Toward the Sun

The Collected Sports Stories of Kent Nelson

Kent Nelson lettered in six different sports in high school, played varsity ice hockey and tennis in college, along with intramural football and basketball, and, at 45, was ranked #6 in the U.S. in squash. He has also run marathons in LA, Taos, and Anchorage and has twice run the Pikes Peak Marathon, 7815 feet up and down. His sports stories are real, true, and definitive, but they are about more than sports. His characters are uncertain, troubled, and yearning. “The Squash Player” is about a man who can control the T in a squash court but can’t control the people around him. “Death Valley” explores a woman golfer’s life as she plays a round at Furnace Creek in Death Valley and finds a body in a ditch. “Projections” details the promise of a young football player but also reveals that potential does not necessarily lead to success. Nelson captures the physical demands and mental fortitude required in athletic endeavors, but also embraces his characters’ emotional lives. In “Alton’s Keeper,” a photographer and squash player in Charleston, SC, teaches his narrator friend the meaning of justice and love.

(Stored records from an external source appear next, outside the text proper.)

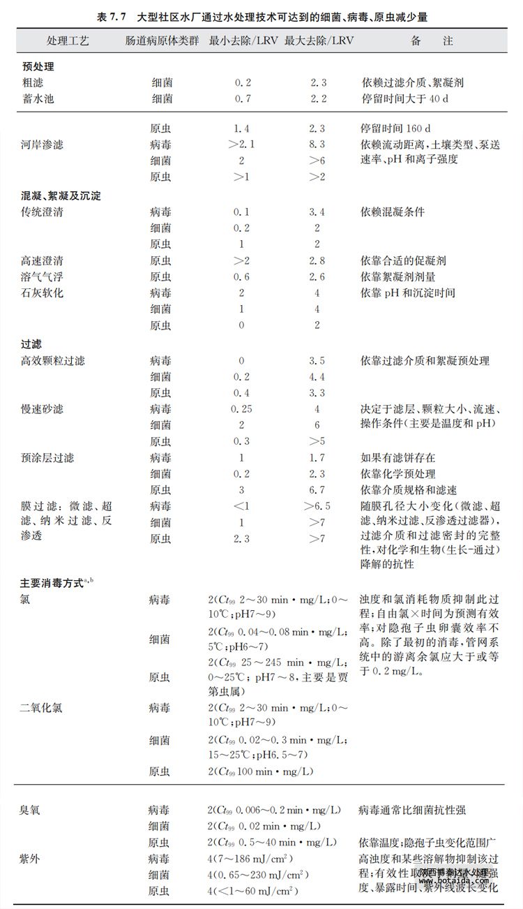 表7.7中列出的微生物降低水平是指微生物的大類群或類別:細(xì)菌、病毒和原蟲。由 于各種微生物本身所固有的特性(如大小、外保護(hù)層特性和表面理化性質(zhì)等)不同,因而不同 種類的微生物的處理效果往往存在差異。在這些微生物類群中,處理效果在特定的種、型、 株間差別較小。但這種差別確實(shí)存在,表中針對各類群微生物中抵抗力強(qiáng)、存活時(shí)間久的病 原體列出了去除的保守估計(jì)。若某一微生物類群中不同的病原體在處理后下降值差別較大 時(shí),則在表中單獨(dú)列出針對相應(yīng)病原體的處理結(jié)果。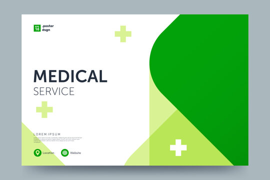 Medical and Healthcare banner design. Simple abstract geometric background in green color with place for text. Ideal for social media, poster, ad, print. Vector illustration
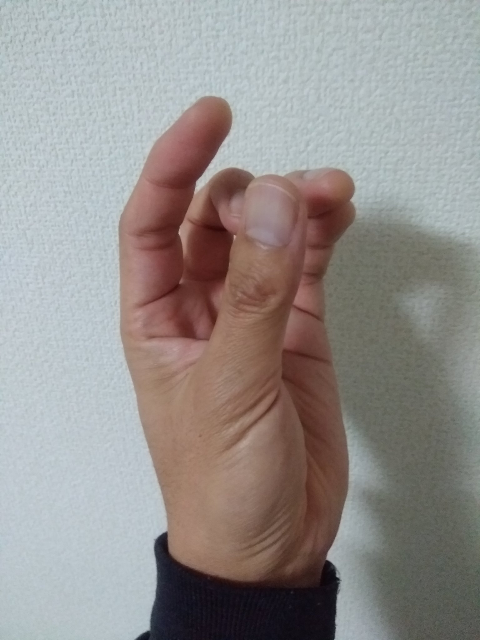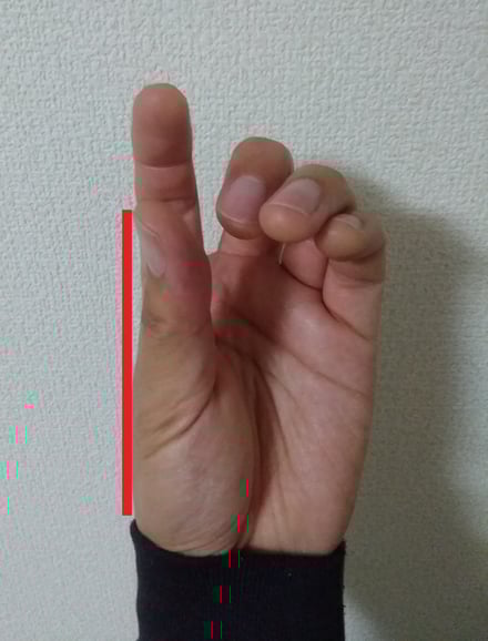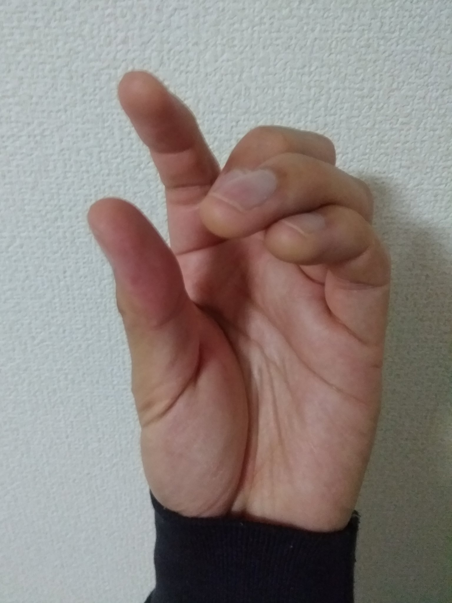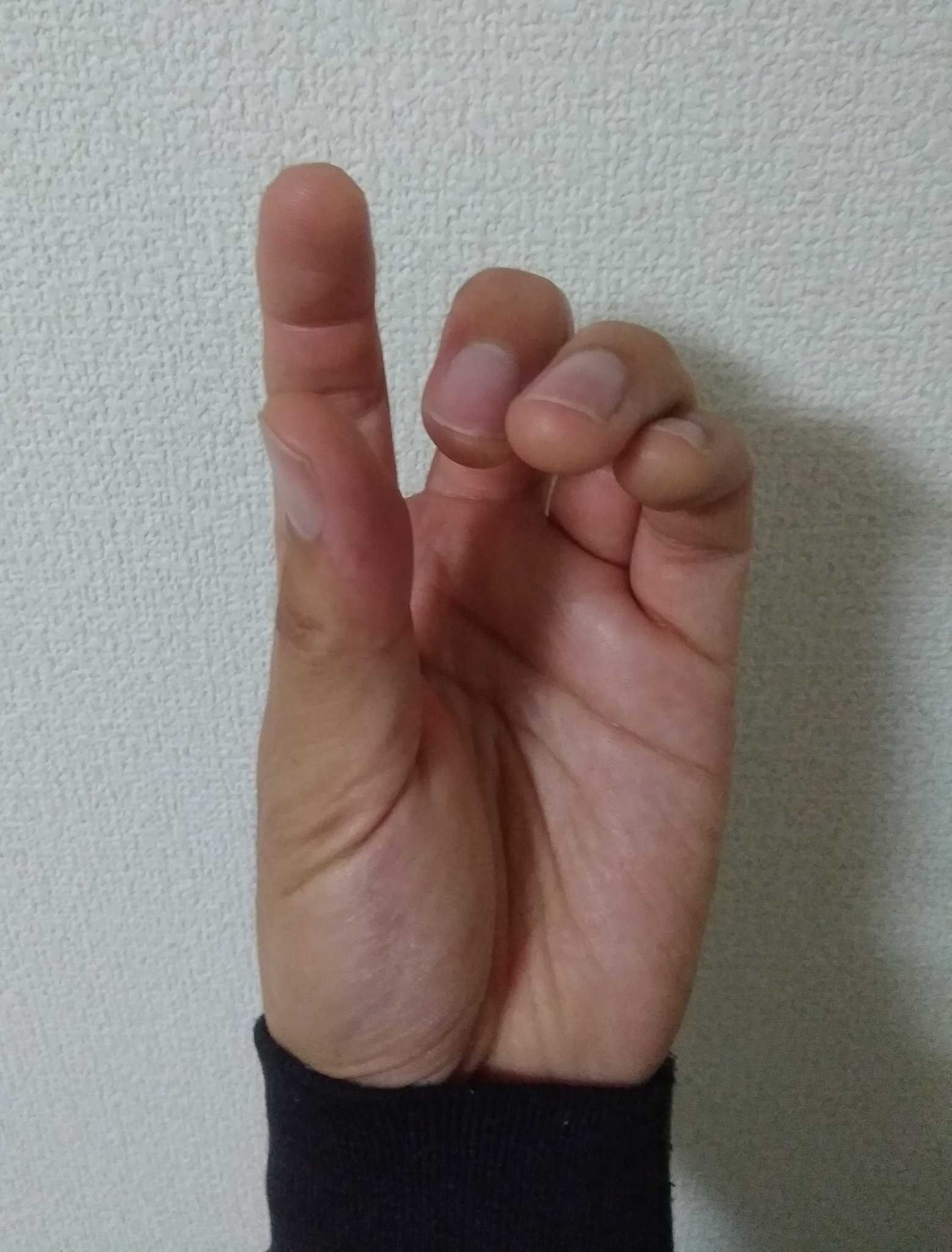 中指・薬指・小指を出来るだけフレットに近づけるために人差し指と中指の間を開ける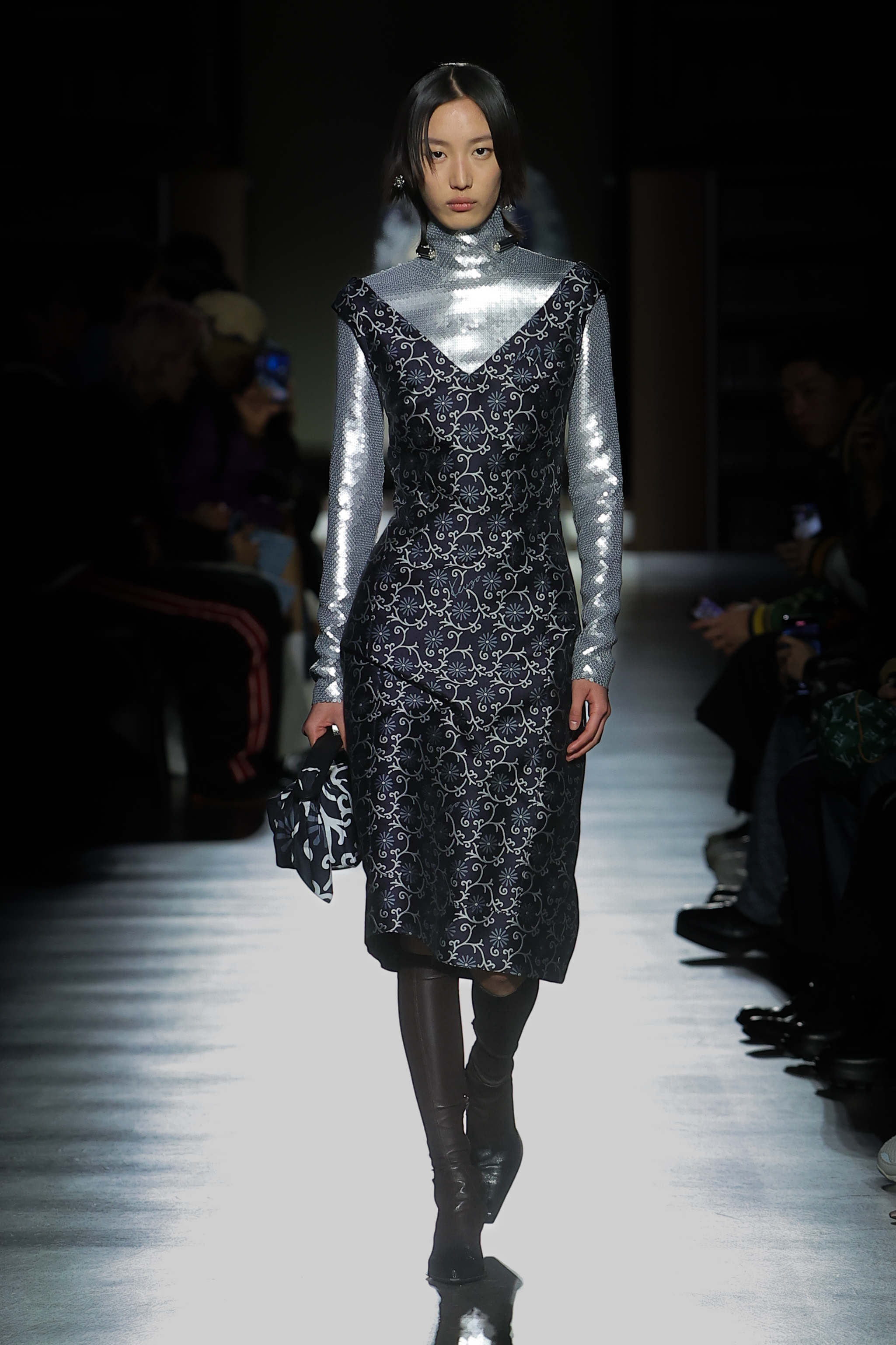 The exploration unfolds in details and silhouettes rooted in Japanese tradition but infused with the associations of sci-fi-related uniforms: a kimono coat imbued with the lines of a warrior cape, a weave inspired by the wood print of a Japanese hakeshi baten fireman’s jacket evoking an ancient-future graphic, or a plissé dress draped like the cloak of a space fiction heroine. A miniature dot pattern informed by the Edo Komon of fifteenth-century kimonos re-manifests as a star constellation in prints and embroideries. Throughout, nods to the Western utility and military wardrobes materialise in flight jackets, cargo suits and shearling jackets, elusively embedded with the codes of another universe.

Rachel’s asking about Alton made me think back to the photographs he’d taken of Yolanda that day at the squash court, or not to the photographs so much as that he knew she was there—she was the reason he’d got his camera out. He used Will and me as the excuse. Alton knew what to look at. That was his gift. He envisioned the larger world and believed in himself enough to love the right things. I smiled then, thinking of what I’d said afterward to Clarice—that I was not Alton’s keeper. But I was Alton’s keeper, and Yolanda’s, and they were mine.
— From "Alton's Keeper"
He runs with such discipline, though he claims it takes no discipline to do what one truly loves. Sometimes when I wait for him at a certain spot on a trail, knowing he has to pass me, he surprises me from behind. How does he do this? When the wind is right, he can do the same to a deer. He can run silently and at full speed.
— From "Toward The Sun"
Working quietly, with very little fanfare, Kent Nelson has written as large and as accomplished a body of short fiction as anyone working today. Nowhere is his talent more evident than in his stories about sport, and so this new collection is most welcome—the exhilarating evidence of a writer at the top of his game.